On the other hand, recent data show that core inflation in the Eurozone remains elevated, still above the ECB’s 2.0% target. This puts pressure on the central bank to maintain higher interest rates, which under normal economic conditions would support the euro.
13:30 – CAD: Canadian GDP. Canada’s Annual GDP Growth
The release of Canada’s GDP report by Statistics Canada. A positive report bolsters the Canadian dollar, while a weak GDP report negatively affects the currency.
Canada’s quarterly GDP report reflects the total volume of all goods and services produced by Canada during the quarter (YoY) and is considered an indicator of the overall Canadian economy.
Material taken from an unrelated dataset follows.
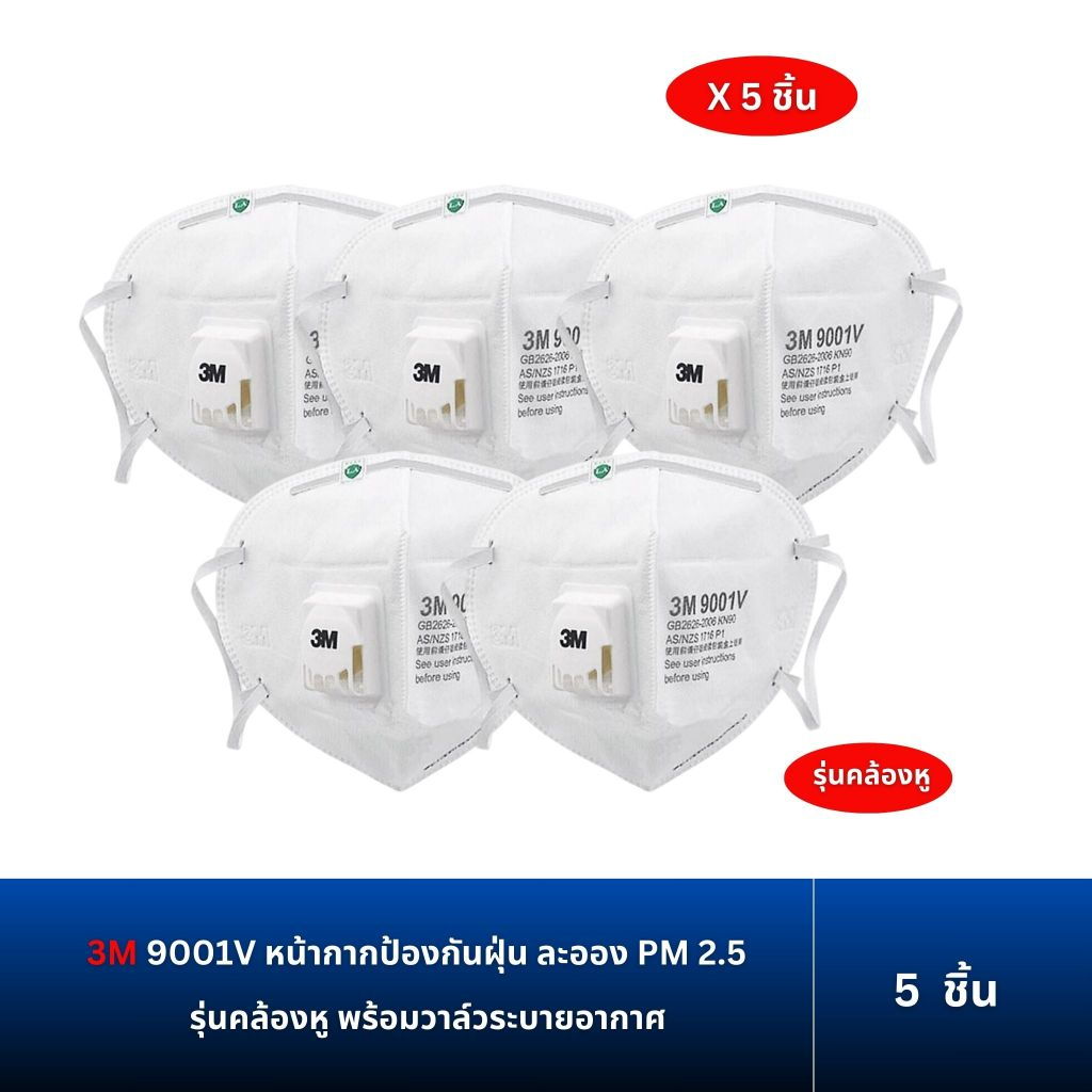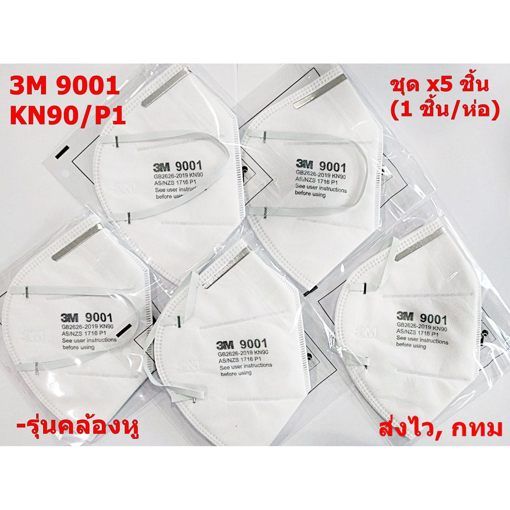 (x5 ชิ้น) 3M 9001 9001V หน้ากากป้องกันฝุ่นละออง มาตรฐาน KN90/P1 แบบคล้องหู

GDP posted -0.4% (-1.6% YoY) in Q2 2025, after +0.5% (+2.2% YoY) in Q1 2025, +0.6% (+2.6% YoY) in Q4 2024, +0.3% (+1.0% YoY), +0.5% (+2.1% YoY) in Q2, +0.4% (+1.7% YoY) in Q1 2024, +0.2% (+1.0% YoY) in Q4 2023, a decline of -0.3% (-1.1% YoY) in Q3, -0.2% in Q2, +2.6% growth in Q1 2023, zero growth in Q4, +2.9% growth in Q3 2022, +3.3% in Q2 2022, +3.1% in Q1 2022 (YoY).
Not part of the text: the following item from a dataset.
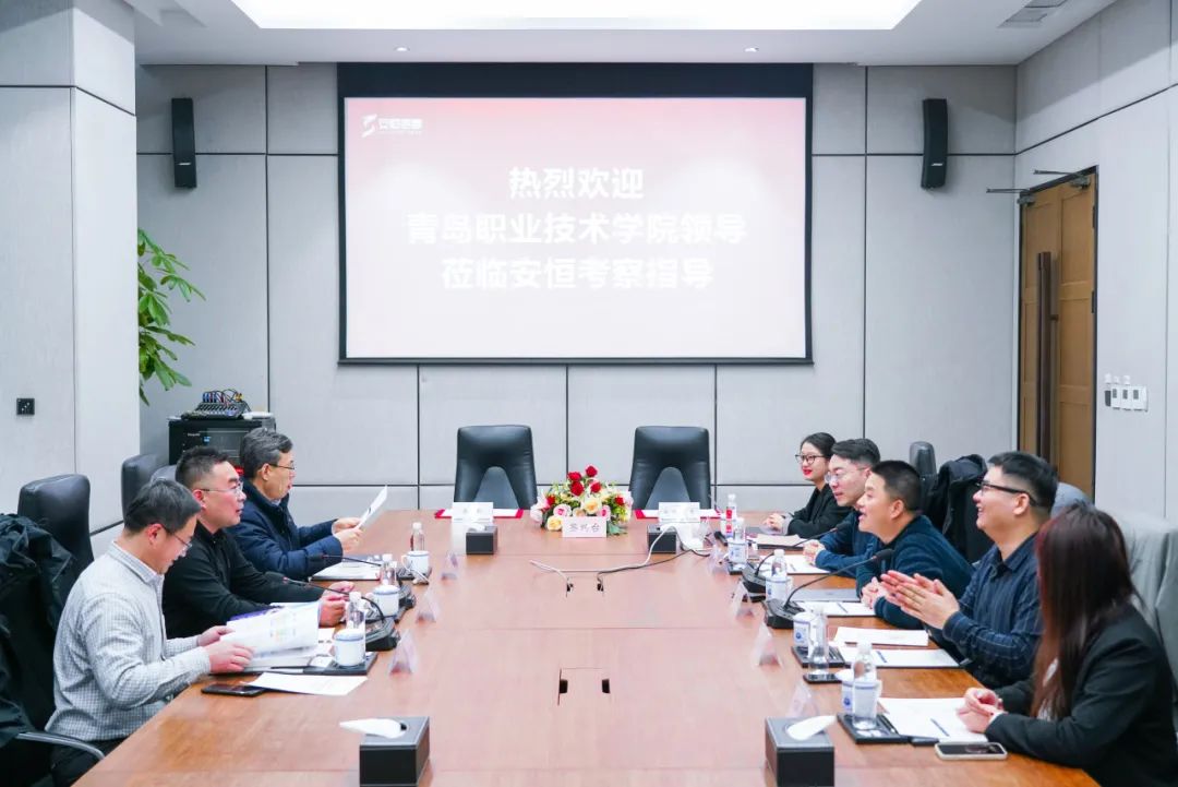 在签约仪式上,双方展开座谈,首先就各自单位情况展开介绍。安恒信息介绍了企业在校企合作、产教融合方面的丰富经验与以往成果,也详细介绍了未来与青岛职业技术学院的人才培养方案。青岛职业技术学院对安恒信息在人才培养方面的实力表示认可与肯定,并对双方在未来的深度合作表示期待。

If the Q3 2025 data is better than the previous and/or forecasted value, the Canadian dollar will strengthen.
Sunday, November 30
01:30 – CNY: China’s Manufacturing and Services PMI by the China Federation of Logistics and Purchasing (CFLP)
This indicator is an essential gauge of the overall Chinese economy. An indicator reading above 50 is positive for the yuan, while a value below 50 is negative for the currency.
Previous values: 49.0, 49.8, 49.4, 49.7, 49.5, 50.5, 50.2, 49.1 in January 2025, 50.1 (December 2024), 50.3, 50.1, 49.8, 49.1, 49.4, 49.5, 50.4, 50.8, 49.2, 49.0, 49.5, 50.2, 49.3, 49.0, 48.8, 49.2, 51.9, 52.6, 50.1 in January. The relative rise in the index above 50 strengthens the yuan. Data above 50 indicates increased economic activity, positively affecting the national currency. Conversely, if the index value is below 50, the yuan will face pressure and probably decline.
Likewise, the services sector PMI assesses the state of the services sector in the Chinese economy. An indicator result above 50 is seen as positive for the yuan. Previous values: 50.1, 50.0, 50.3, 50.5, 50.3, 50.8, 50.4, 50.2 in January 2025, 52.2 in December 2024, 50.0, 50.2, 50.0, 50.3, 50.2, 50.5, 51.2, 53.0, 50.7, 50.4, 50.6, 51.7, 51.5, 53.2, 54.5, 56.4, 58.2, 56.3, 54.4 in January. Despite the relative decline, the indicator is still above the 50 value, likely influencing the yuan positively. Conversely, the indicator below 50 suggests that the yuan will face pressure and probably decline.